17. Urteil vom 14. März 1977 i.S. X. gegen Eidg. Steuerverwaltung Regeste

    Warenumsatzsteuer. Revision eines rechtskräftigen erstinstanzlichen
Entscheids, Voraussetzungen.

    Revisionsgründe nach der Rechtsprechung des Bundesgerichts in
eidgenössischen Abgabesachen und nach Art. 66 VwVG (Erw. 1). Ist diese
Bestimmung hier sinngemäss anwendbar? Frage offengelassen (Erw. 2).

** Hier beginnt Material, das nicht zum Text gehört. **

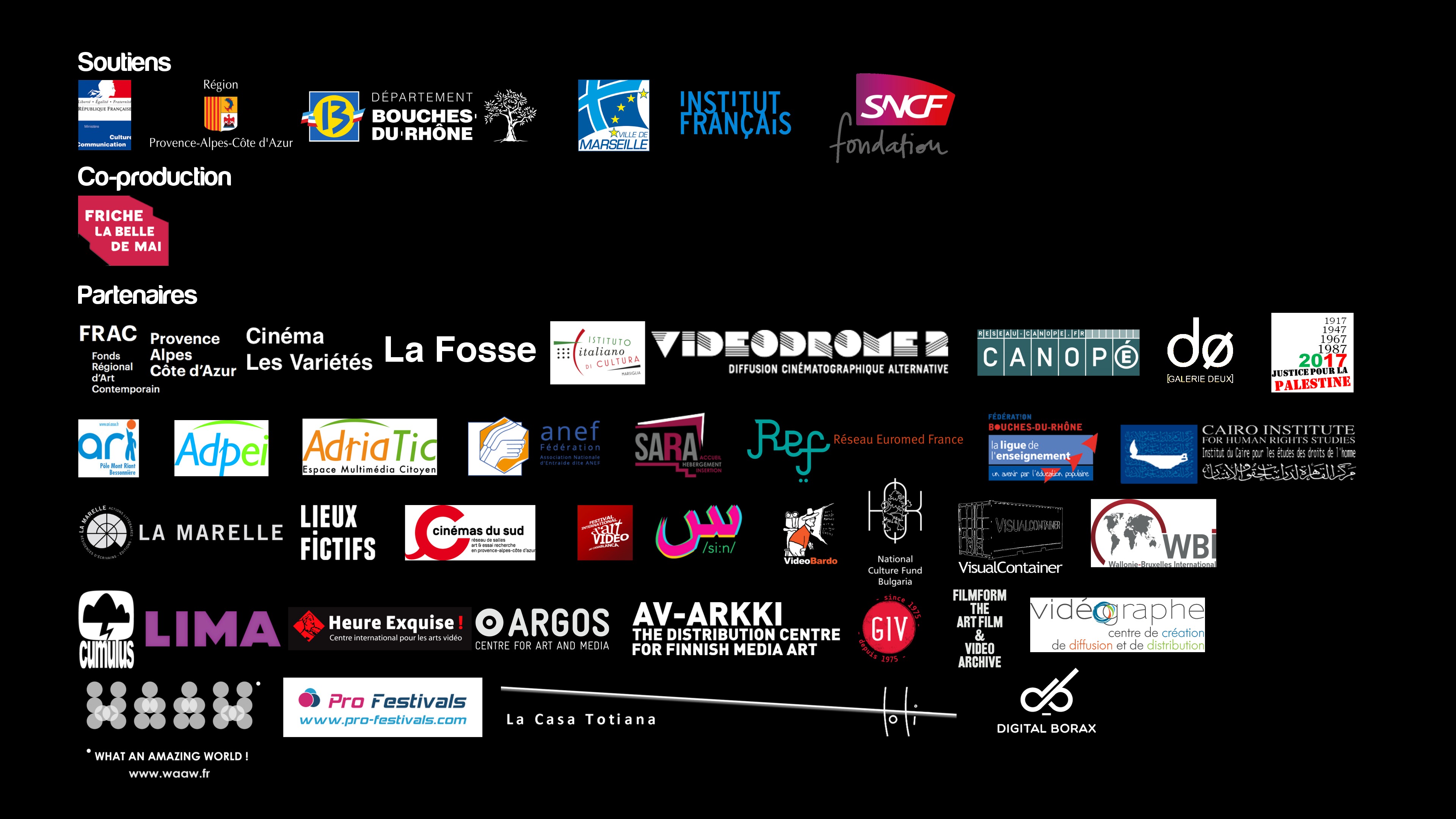 FRAC PACA, Galerie Deux, SARA, ADPEI, Friche la Belle de Mai, Vidéodrome 2, Canopé
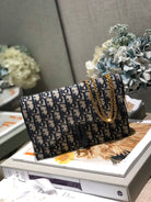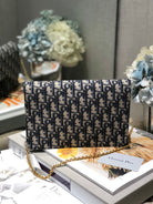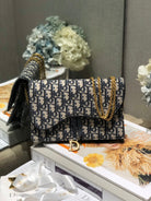 CD Saddle Pouch With Chain Blue Obique Embroidery
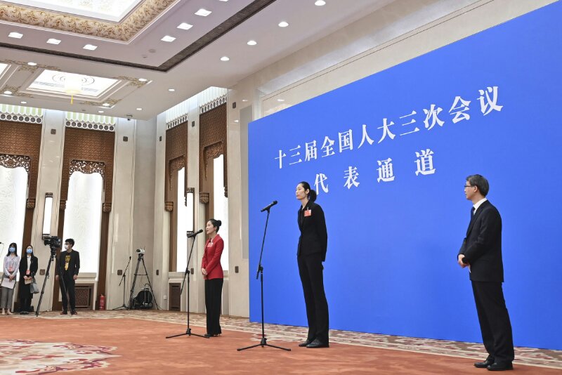 5月22日,第十三屆全國人民代表大會第三次會議舉行首場“代表通道”采訪活動。這是全國人大代表朱婷(右二)通過網(wǎng)絡視頻方式接受采訪。新華社記者 劉金海 攝
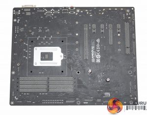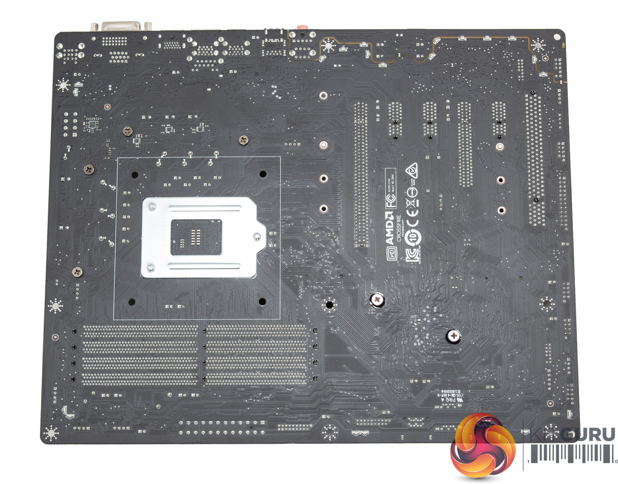 The underside of the motherboard is fairly sparse and uses cross-head screws throughout. There a few nondescript ICs underneath related to the CPU VRM that probably assist with voltage smoothing and stabilisation.
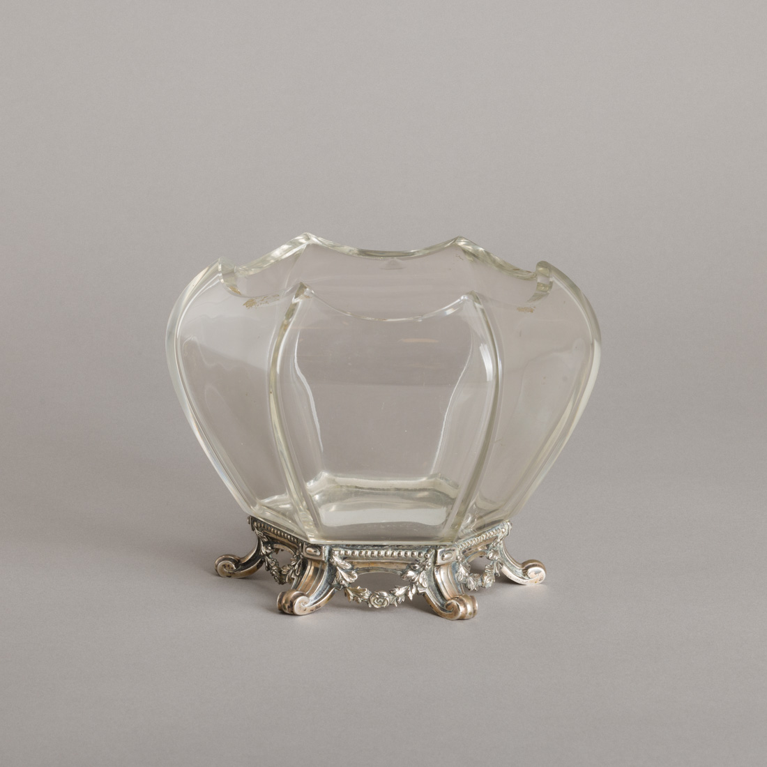 Em vidro com base em prata portuguesa contraste javali (1887-1937) de 833, decoração relevada e vazada "grinaldas" Sinais de uso e esbeiçadelas.

    Die Revision kann nicht aus Gründen verlangt werden, die der
Gesuchsteller bei Anwendung der ihm zumutbaren Sorgfalt im ordentlichen
Rechtsmittelverfahren hätte geltend machen können (Erw. 3).

Sachverhalt

    A.- X. ist steuerpflichtiger Grossist im Sinne des
Warenumsatzsteuerbeschlusses. Aufgrund einer bei ihm vorgenommenen
Kontrolle gelangte die Eidg. Steuerverwaltung (EStV) zum Schluss, dass
seine Buchhaltung den Anforderungen nicht genüge. Sie fand, dass er für
die in den Zeitraum vom 1. Januar 1970 bis zum 31. Dezember 1973 fallenden
Steuerperioden zu wenig Warenumsatzsteuern entrichtet habe. Gestützt auf
ihre Berechnungen forderte sie von ihm einen Steuerbetrag von Fr. 8'612.--
nebst Verzugszins nach. Sie bestätigte die Forderung durch Entscheid
vom 30. Oktober 1975. Der Steuerpflichtige erhob hiegegen Einsprache,
reichte sie aber zu spät ein, so dass darauf nicht eingetreten wurde.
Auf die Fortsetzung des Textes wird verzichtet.